Luxurious beauty products used to be found solely behind the polished counters in department stores. Drugstores were the chaotic homes of garishly colored packages that seemed to scream from the display units. The gulf between them was visible and wide. Now, more and more products are slipping into that space, with quality ingredients and subdued packaging in gentle colors. Kerry Sullivan, the C.E.O. of Versed, a skin-care line that launched in 2019 and is sold in Target, describes the brand’s jars and tubes as “restrained” and “minimalist.” She distinguishes them from expensive products, saying, “You’re not going to have a box in a box, an extra cap on top of a cap, with custom components that are molded, with filigree and extra design elements that sometimes get thrown away before you put [the product] on your vanity.”

The same is true for a hair-care line called Odele, which sounds like the word for “share” in Norwegian, pointing to the intention that the shampoos and conditioners can be used by everyone who occupies the shower, ideally separately.

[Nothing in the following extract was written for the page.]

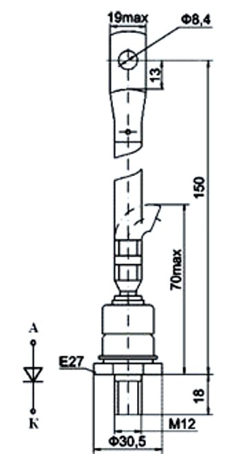 Диод Д151-160Х-12 кремниевый диффузионный обратной полярности.

Lindsay Holden, one of the brand’s co-founders, tells me about her earlier devotion to a $40 Kerastase shampoo that she kept from her husband and children. Most of the Odele products are $11.99 and come in bottles that are beige, stone, and sage green, like Farrow & Ball paint. “There’s beauty in what is simple,” she says.

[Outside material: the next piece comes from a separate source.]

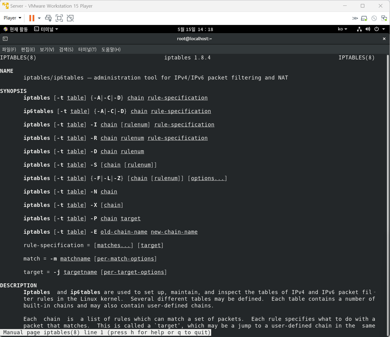 iptables : 패킷 필터링(Packet Filtering) 도구로서 방화벽 구성이나 NAT(Network Address Translation)에 사용

Saltair’s body and hair products are housed in cheerful pink, orange, lilac, and green aluminum bottles “that make you smile every time you walk into your bathroom,” says Iskra Lawrence, the brand’s founder. And much as Lawrence loves expensive skin care, she has a tough time rationalizing a $50 body lotion. All 10 of Saltair’s cost $14 each.

It’s not just the packaging that distinguishes this new suite of products. It’s their sophisticated ingredients, their natural fragrances, their checklist of plant oils, antioxidants, and vitamins, and their vegan, paraben-free, and “clean” formulas—even though there’s no official definition of the term.

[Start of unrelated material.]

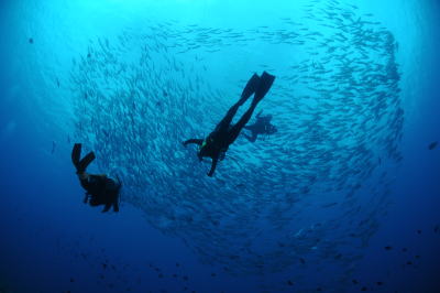 ギンガメアジの渦の中に突入〜っ!! 気持ちいい〜♪ 大興奮のダイビングの連続でしたね(^-^) |

There’s no shame in buying these inexpensive items, and for that, we can thank TikTok, which “has played a huge part in lessening any stigma around cheaper products,” Lawrence says. Apparently, positive reviews trump gold jars.

These products also look as handsome on social media as they do on a bathroom shelf. “You’re proud to have it on your vanity,” says Sullivan of the Versed line. “You’re proud to recommend it. You’re proud to photograph it and put it on your social.... You’re not going to hide it under your sink.”

This new group of products doesn’t satisfy most of the criteria that define luxury goods: elevated, rare, expensive, and finely made with the highest-quality materials. But many consumers now have a different measure, which often includes values such as inclusivity, transparency, no animal testing, natural ingredients, and sustainable packaging.

So many of the old barriers dividing luxury, prestige, premium, and mass have crumbled. Sephora has stores within Kohls, Ulta set up shops in Target, and Amazon covers the whole high-to-low range. “Nobody knows what lipstick you’re wearing,” says Demsey. “Nobody knows what you use on your face.” Unless someone drags you into their bathroom and throws open the cabinets, the experience is private and personal.

Those fancy jars on their flocked pedestals with their dollhouse-size spatulas are starting to look a little fussy, a little dated, a little excessive. You could pour them into an antique flacon, but who has the time? Who has a handmaiden?